In the meantime, the bank will have undertaken its due diligence upon all the parties to the transaction and, provided it is satisfied, an approach will be made to its credit committee to obtain commitment. Solicitors will be instructed and a loan agreement will be produced setting out in greater detail the terms that had previously been set out in the term sheet.

Conditions precedent

The loan agreement will incorporate a list of all the conditions that will need to be fulfilled before the loan can be drawn down. The length of the list will vary from transaction to transaction but typically will contain between 15 and 40 conditions. Below are some general headings into which these conditions fall and a brief explanation of some individual matters that will need attention.

  1. Account opening documents.The bank's account opening requirements must be fulfilled. These will include the completion of the application to open the account together with the mandate to operate the account, certain incorporation documents (e.g., Certificate of Incorporation and Memorandum and Articles of Association or partnership deed) and documents to identify the principals (shareholders or partners), executive officers (directors) and the authorized signatories.

    A word of warning: this sounds straightforward but banks are very particular about this documentation. Leave plenty of time to fulfil this condition, especially as this includes satisfaction of the individual bank's anti-money laundering procedures.

  2. Corporate governance documents.These will include incorporation documents (see above) and various resolutions.
  3. Security documents.These will include charges and assignments over the film and any distribution agreements, an interparty agreement, a collection agreement, a laboratory pledge holders agreement and a completion guarantee.
  4. Insurances.The bank will need to see evidence that it is a named loss payee under all the film insurances, including the production insurance, errors and omissions insurance and any third party liability insurance.
  5. Opinions.This will include an opinion letter on chain of title. It may also be necessary to obtain opinion on documents entered into by parties in other legal jurisdictions.
  6. Other.This will include such matters as receiving a final certified copy of the budget and cash flow, satisfaction of repayment of any pre-production facilities and may also include matters relating to specific types of lending such as advance financing of sale and leaseback.

All these conditions precedent have been met. There are some things that you can do that will help move matters along. Here are some simple tips.

  • Give yourself as much time as possible.
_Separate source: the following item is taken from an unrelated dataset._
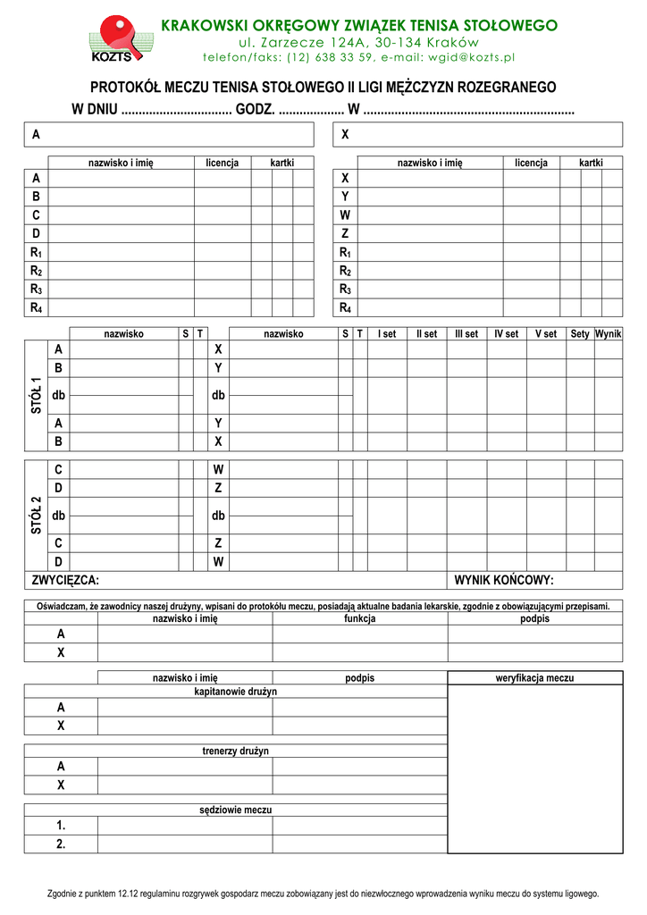 KRAKOWSKI OKRĘGOWY ZWIĄZEK TENISA STOŁOWEGO ul. Zarzecze 124A, 30-134 Kraków t el ef on /f a k s : (1 2 ) 63 8 3 3 59 , e- m a i l : w gi d @k ozt s .p l PROTOKÓŁ MECZU TENISA STOŁOWEGO II LIGI MĘŻCZYZN ROZEGRANEGO W DNIU ................................ GODZ. ................... W ............................................................. A X nazwisko i imię licencja kartki A B C D R1 R2 R3 R4 STÓŁ 1 licencja kartki X Y W Z R1 R2 R3 R4 nazwisko STÓŁ 2 nazwisko i imię S T nazwisko A B X Y db db A B Y X C D W Z db db C D ZWYCIĘZCA: S T I set II set III set IV set V set Sety Wynik Z W WYNIK KOŃCOWY: Oświadczam, że zawodnicy naszej drużyny, wpisani do protokółu meczu, posiadają aktualne badania lekarskie, zgodnie z obowiązującymi przepisami. nazwisko i imię funkcja podpis nazwisko i imię kapitanowie drużyn podpis weryfikacja meczu A X A X trenerzy drużyn A X sędziowie meczu 1. 2. Zgodnie z punktem 12.12 regulaminu rozgrywek gospodarz meczu zobowiązany jest do niezwłocznego wprowadzenia wyniku meczu do systemu ligowego. KRAKOWSKI OKRĘGOWY ZWIĄZEK TENISA STOŁOWEGO ul. Zarzecze 124A, 30-134 Kraków t el ef on /f a k s : (1 2 ) 63 8 3 3 59 , e- m a i l : w gi d @k ozt s .p l osoby odpowiedzialne za bezpieczeństwo nazwisko i imię podpis 1. 2. publiczność media organizacja meczu warunki techniczne pole gry prawidłowe nieprawidłowe podłoga prawidłowe nieprawidłowe oświetlenie prawidłowe nieprawidłowe wrażenie estetyczne prawidłowe nieprawidłowe nagłośnienie tak nie spiker tak nie wydzielone miejsca tak nie prasa tak nie radio tak nie telewizja tak nie bilety tak nie miejsca siedzące tak nie uwagi liczba widzów Inne uwagi (wypełnia: I – kapitan gości, II – kapitan gospodarzy, III – sędzia główny) I II III Zgodnie z punktem 12.12 regulaminu rozgrywek gospodarz meczu zobowiązany jest do niezwłocznego wprowadzenia wyniku meczu do systemu ligowego.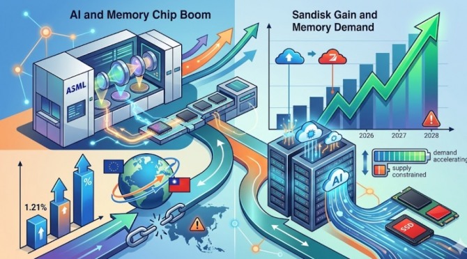 장비 단에서 ASML이 길목을 지키고 있다면, 메모리 단에서는 샌디스크(SNDK)의 약진이 독보적이다. 샌디스크는 올해 주가가 약 300% 폭등하며 오는 20일 나스닥 100 지수 편입을 앞두고 있다.

A period less than eight weeks is definitely too short.
  • Ensure that the film rights are properly vested in the rights holding company.
  • Identify any potential conflicts early on and get them resolved.
  • Give early warning on any potential difficulties in meeting any of the conditions.
  • Ensure that you fully understand the requirements of the bank -don't be afraid to ask.
  • Encourage the solicitors acting to identify early on who is responsible for producing which document.
  • Encourage the creation of a conditions precedent schedule showing the status of each document and then its regular circulation.
  • Make sure your solicitor is driving the transaction forward and that all parties are communicating.

Closing Time

Once the bank's solicitor is satisfied that all conditions have been met, the loan can be drawn down. The bank will insist that certain payments are made out of the first draw down. These may include:

  • the completion guarantor's fees;
  • any payments to discharge finance provided for pre-production;
  • the bank's arrangement fee;
  • the bank's legal fees;
  • insurance fees.

After draw down, contact with the bank will lessen, although the bank will have certain monitoring requirements to ensure that theproduction of the film is on track. Not least of these is the provision of regular cost reports, with the bank's requirements usually matching those of the completion guarantor. The bank may raise certain questions but, generally speaking, as long as the cost reports are received in a timely manner they will let you get on with things, sit back, wait for repayment and look forward to the next deal.